Now, the bedroom is carpeted so it wasn't so much a puddle as it was a dark area.  Petey must have come out of the bathroom but I didn't realize it.  Neither John nor I peed at the foot of the bed in the floor.  I cleaned it up and Petey walked in just as I was finishing.  I explained to him that he should have peed in the bathroom not on the carpet.  He looked right at me and peed. Right there, right then, he peed!

Saturday, January 12, 2013

Old Dogs and New Tricks

Whoever said that old dogs can't learn new tricks never met Petey.  He may resist change that he doesn't like but he is quite adaptable in those situations that he likes.  For instance, he adapted quite well when I (Lori) started working from home.  More company=good thing for Pete.  So, he can be a very quick study when he likes the change.

The latest example happened with my mother stayed with us.  She'd been hospitalized and needed to recover here for a few weeks.  The first night she was here, we put Petey in the bed with us so that he would not bother her.  He wasn't so sure about her.  He wasn't aggressive towards her, but she was in his place on the couch.  This required him to pace around the house. We weren't sure how he'd react when she stayed all night.  Let me state now, that closing doors is not an option with Pete.  That is like an engraved invitation to enter.  He will not rest until the door is opened. 

We thought Petey would sleep with us and all would be well.  Petey did sleep with us for a few hours.  Then he got up.  He needed to patrol the house.  He spent the rest of the night, while he wasn't patrolling on a blanket beside the bed.  Mama said he came in an looked at her a time or two but never bothered her, of course we weren't aware of this until the next day.

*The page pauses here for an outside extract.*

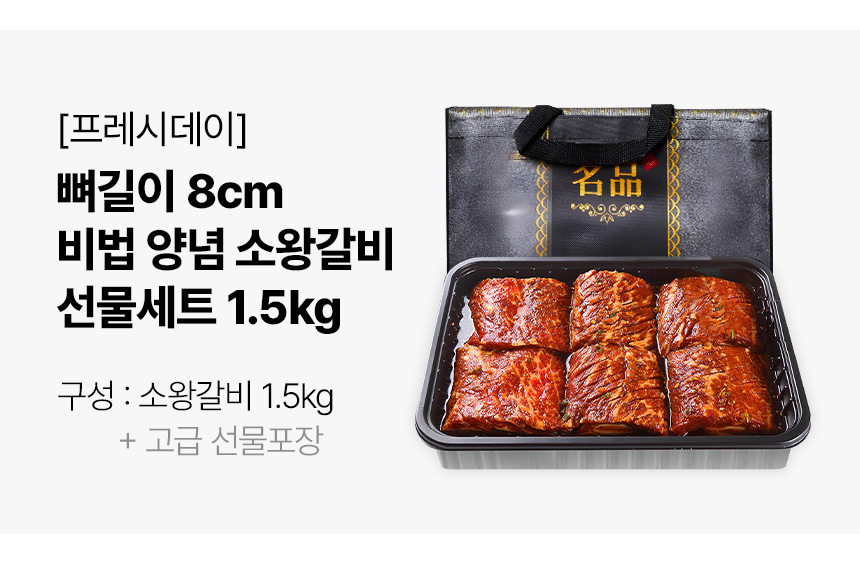 • [프레시데이] 뼈길이 8cm 소왕갈비 비법 양념갈비 선물세트 1.5kg

In the wee hours of the morning he got a very bad itch.  He had to scratch and gnaw repeatedly at the offending area.  I was concerned that he'd wake up the entire household, so I got up and put him back in the bed with us.  That calmed his itch and everyone went back to sleep.

The next night, Petey was happy that the three of us were all in the bed together once again.  And in the wee morning hours when the bad itch started, I put him back in the bed.  That was all it took.  Ever since that time Petey has started the night with us and finished it with us.  Never mind that my mother has gone home.

In fact, Petey pretty much comes and goes as he pleases during the night.  He isn't a bad sleeping companion once he gets settled.  There are two issues associated with this new trick Petey has learned:

  • First Petey can't get in the bed by himself.  He has decided that I am the person to get up and put him in the bed.  He's figured out how to get down most of the time without my help.  I often don't even wake up.  This wouldn't be so bad if it was at bedtime and very early in the morning, but it has morphed in to three or four times a night.

  • Second, and much worse, I've become night time potty patrol!  I guess he figures since he wakes me up to put him in the bed; he should wake me for bathroom time too.

This has got to stop. I need my rest.  I'll have to teach Petey yet another trick.  Sleeping alone, in the floor.